During the course of events, it was noticed that one of the German airmen in the crowd looked very pale and pasty, and kept moving about unsteadily. Suddenly he collapsed, and it turned out that he had been standing on a broken leg, so he was immediately taken to hospital.

Time Off
Some spare time was spent by Chalky and his mates playing football with local Norwegian teams. There was usually a wooden dance floor at the corner of the pitch and some liberated liquor was poured into a large wooden vat to provide the necessary refreshments after the game!After another six weeks or so, HQ Troop moved to a former German barracks in the woods at Haversatter. Recreational facilities here included a swimming pool and stables. Stored in some of the huts was a quantity of wooden crates, measuring about eight feet square, which contained German Henschel HS 293 radio-controlled glider bombs. These had been intended for use against Allied shipping.HQ Troop had acquired a great deal of liberated "hooch" and the CO gave some of it away to the Norwegian civilians. As it was now in the air that the Division was soon to return to England, HQ Troop held a party in one of the larger huts at Haversatter in order to get rid of some of this excess booze. Chalky remembers that many Divisional troops attended this party and everyone got roaring drunk.
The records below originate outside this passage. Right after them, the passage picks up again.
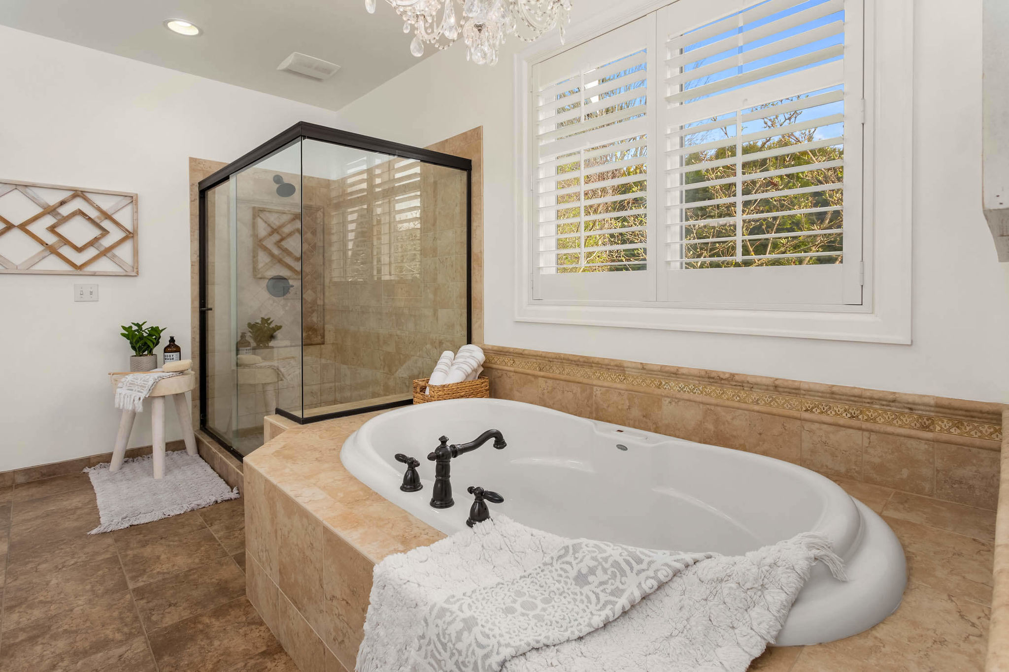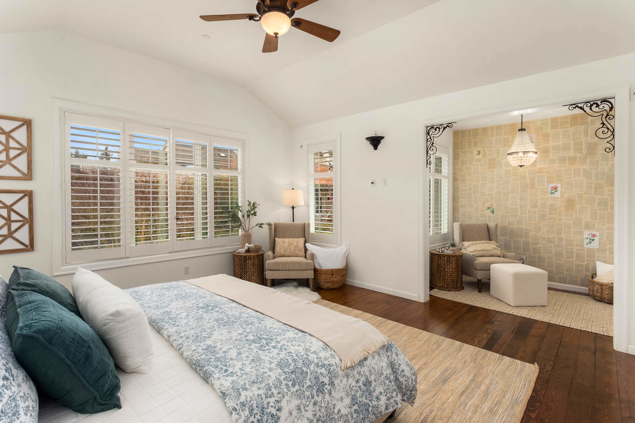 The enchantment of Fishtail Cottage is truly pronounced with an English Garden that could grace the pages of fairy tales. This magical retreat is adorned with a pondless waterfall, a shabby chic chicken coop, and a stunning covered patio with a wood burning stone fireplace and hearth. This Pinterest-worthy garden has been the highlight of notable garden tours and has amassed a large social media following for passionate green thumbs.
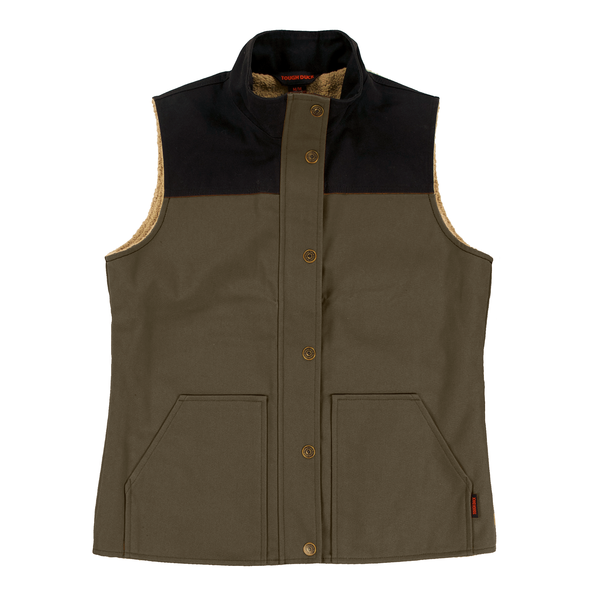 Tough DuckŪ WV09 Woman's Duck Sherpa Lined Vest, Brown with Black Contrast, Water and Wind Resistant
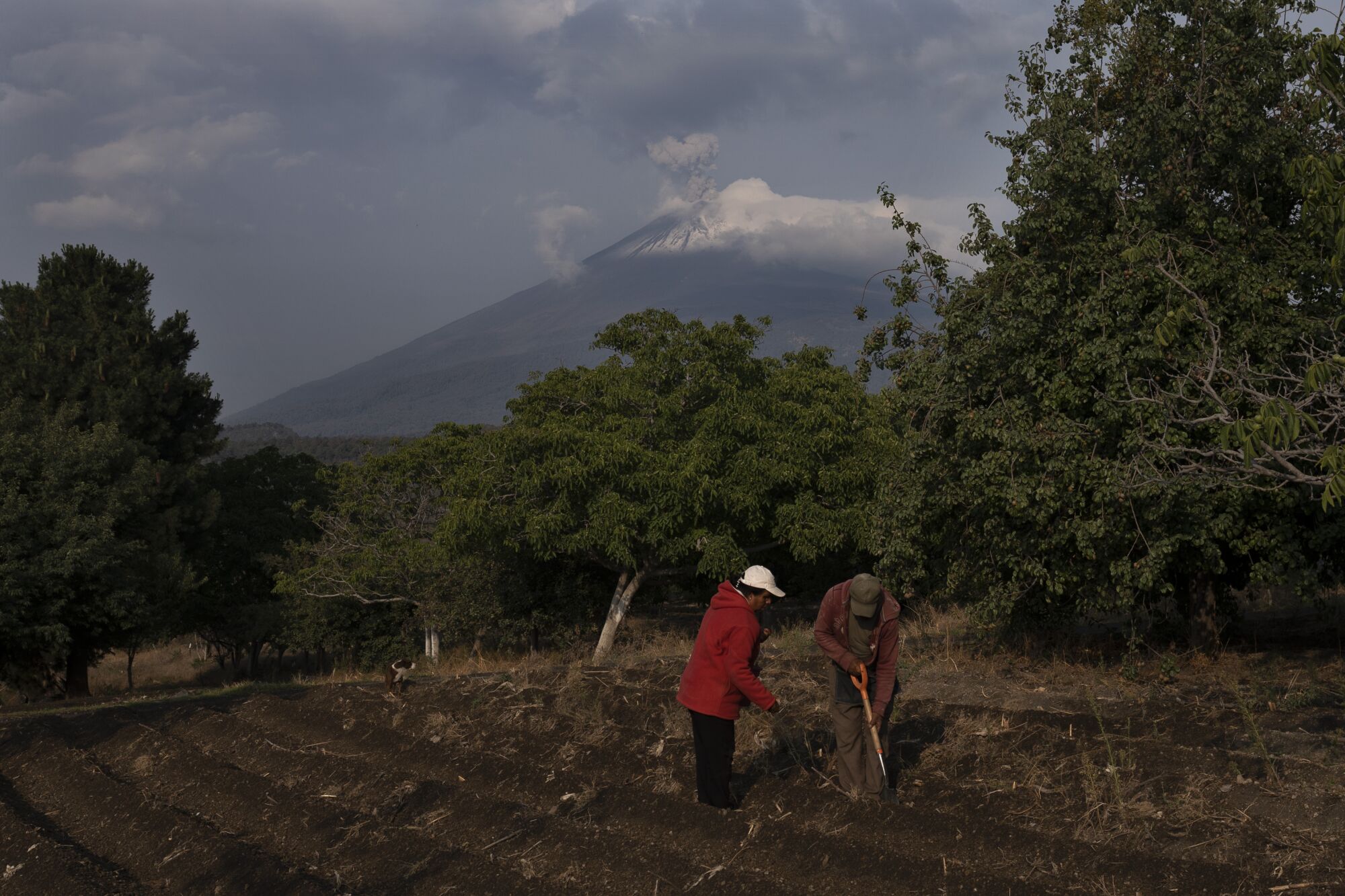 Villagers in Santiago Xalitzintla, Mexico, plant corn in the shadow of the Popocatépetl volcano.
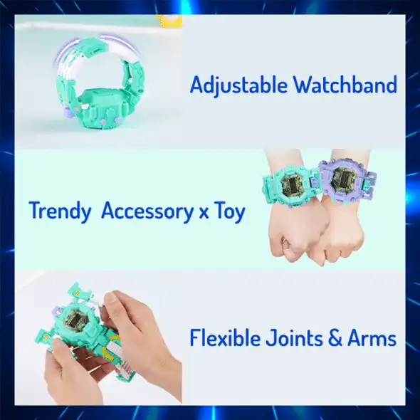 Divi vienā pārveidojošs robotu rotaļlietu pulkstenis
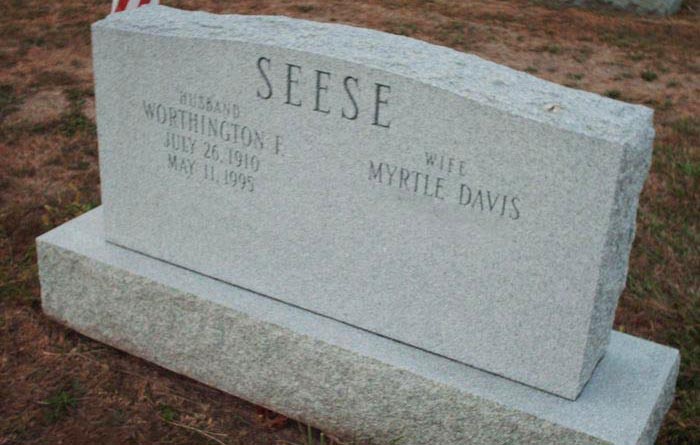 Headstone for Worthington Frederick Seese Sr. and Myrtle May
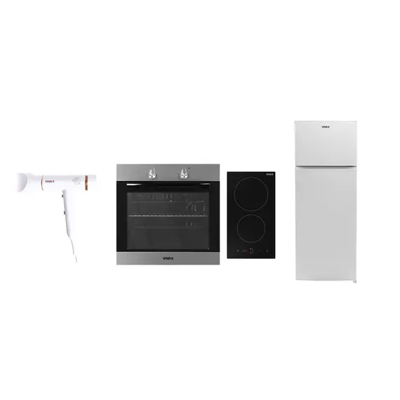 Set i kompletuar me pajisje kuzhine dhe përdorimi të përditshëm, që përfshin furrë inkaso 62L, pianurë qeramike 2 zona, frigorifer 204L me ngrirës 4 yje dhe tharëse flokësh 1600W.
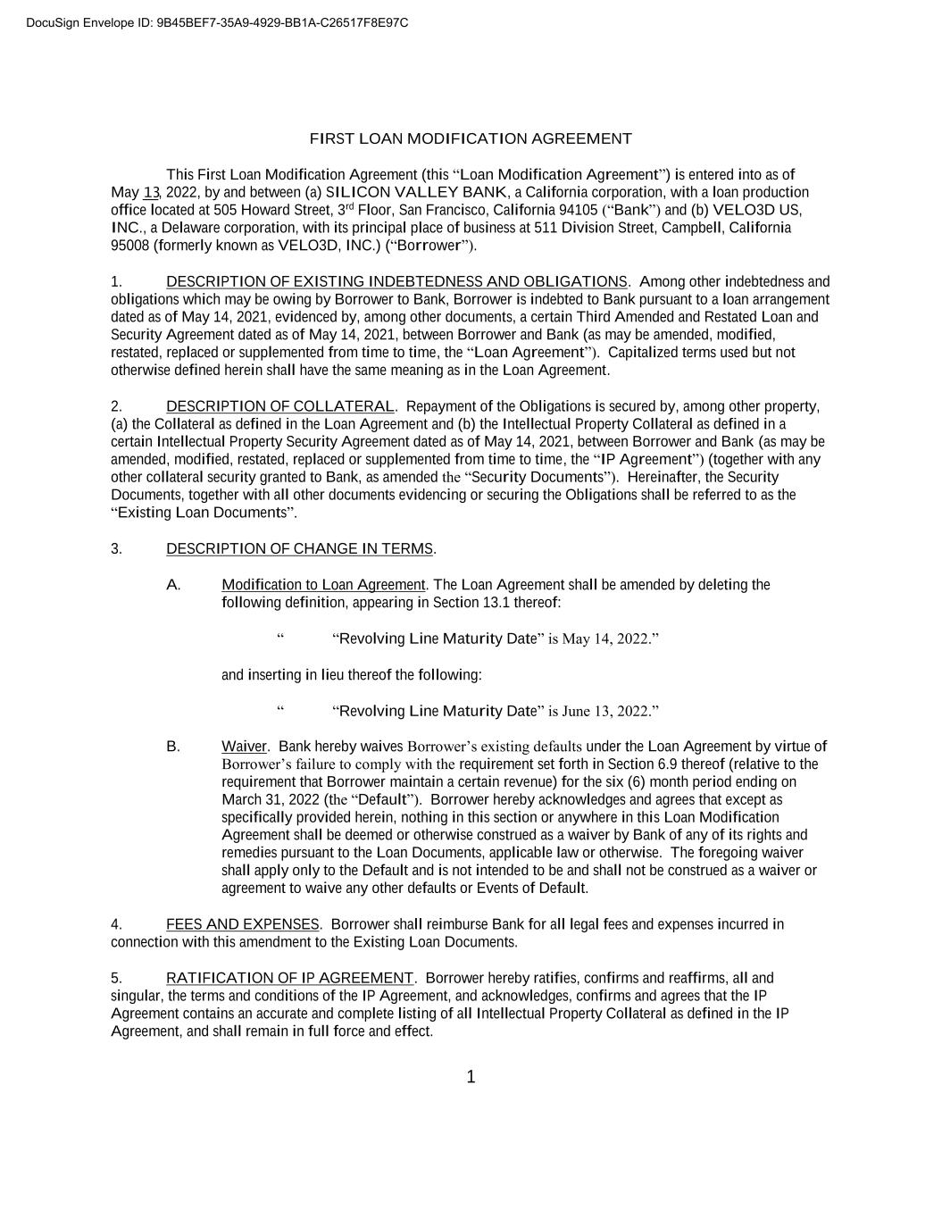 1 FIRST LOAN MODIFICATION AGREEMENT This First Loan Modification Agreement (this “Loan Modification Agreement”) is entered into as of May __, 2022, by and between (a) SILICON VALLEY BANK, a California corporation, with a loan production office located at 505 Howard Street, 3rd Floor, San Francisco, California 94105 (“Bank”) and (b) VELO3D US, INC., a Delaware corporation, with its principal place of business at 511 Division Street, Campbell, California 95008 (formerly known as VELO3D, INC.) (“Borrower”). 1. DESCRIPTION OF EXISTING INDEBTEDNESS AND OBLIGATIONS. Among other indebtedness and obligations which may be owing by Borrower to Bank, Borrower is indebted to Bank pursuant to a loan arrangement dated as of May 14, 2021, evidenced by, among other documents, a certain Third Amended and Restated Loan and Security Agreement dated as of May 14, 2021, between Borrower and Bank (as may be amended, modified, restated, replaced or supplemented from time to time, the “Loan Agreement”). Capitalized terms used but not otherwise defined herein shall have the same meaning as in the Loan Agreement. 2. DESCRIPTION OF COLLATERAL. Repayment of the Obligations is secured by, among other property, (a) the Collateral as defined in the Loan Agreement and (b) the Intellectual Property Collateral as defined in a certain Intellectual Property Security Agreement dated as of May 14, 2021, between Borrower and Bank (as may be amended, modified, restated, replaced or supplemented from time to time, the “IP Agreement”) (together with any other collateral security granted to Bank, as amended the “Security Documents”). Hereinafter, the Security Documents, together with all other documents evidencing or securing the Obligations shall be referred to as the “Existing Loan Documents”. 3. DESCRIPTION OF CHANGE IN TERMS. A. Modification to Loan Agreement. The Loan Agreement shall be amended by deleting the following definition, appearing in Section 13.1 thereof: “ “Revolving Line Maturity Date” is May 14, 2022.” and inserting in lieu thereof the following: “ “Revolving Line Maturity Date” is June 13, 2022.” B. Waiver. Bank hereby waives Borrower’s existing defaults under the Loan Agreement by virtue of Borrower’s failure to comply with the requirement set forth in Section 6.9 thereof (relative to the requirement that Borrower maintain a certain revenue) for the six (6) month period ending on March 31, 2022 (the “Default”). Borrower hereby acknowledges and agrees that except as specifically provided herein, nothing in this section or anywhere in this Loan Modification Agreement shall be deemed or otherwise construed as a waiver by Bank of any of its rights and remedies pursuant to the Loan Documents, applicable law or otherwise. The foregoing waiver shall apply only to the Default and is not intended to be and shall not be construed as a waiver or agreement to waive any other defaults or Events of Default. 4. FEES AND EXPENSES. Borrower shall reimburse Bank for all legal fees and expenses incurred in connection with this amendment to the Existing Loan Documents. 5. RATIFICATION OF IP AGREEMENT. Borrower hereby ratifies, confirms and reaffirms, all and singular, the terms and conditions of the IP Agreement, and acknowledges, confirms and agrees that the IP Agreement contains an accurate and complete listing of all Intellectual Property Collateral as defined in the IP Agreement, and shall remain in full force and effect. DocuSign Envelope ID: 9B45BEF7-35A9-4929-BB1A-C26517F8E97C 13

This was also the only occasion when they were allowed to invite a crowd of local girls to a "do" and a very relaxed couple of days followed to sleep off this binge.

Final Tasks
Other occurrences, which stick out in Chalky’s memory, include a Victory Parade in the Karl Johansgarte, during which King Olaf gave an address. Liberated Russians also took part in this parade but they had to be specially kited out with British BDs, such was the filthy state of their own uniforms.

There were, obviously, also many distasteful and shocking tasks, including the liberation of Norwegian, Russian and Finnish prisoners from Trivi concentration camp, and a firing squad for six convicted war criminals.

The Recce Squadron finally left Norway in late September 1945. Sailing from Oslo to Leith near Edinburgh, they returned to an army camp near Devizes in Wiltshire.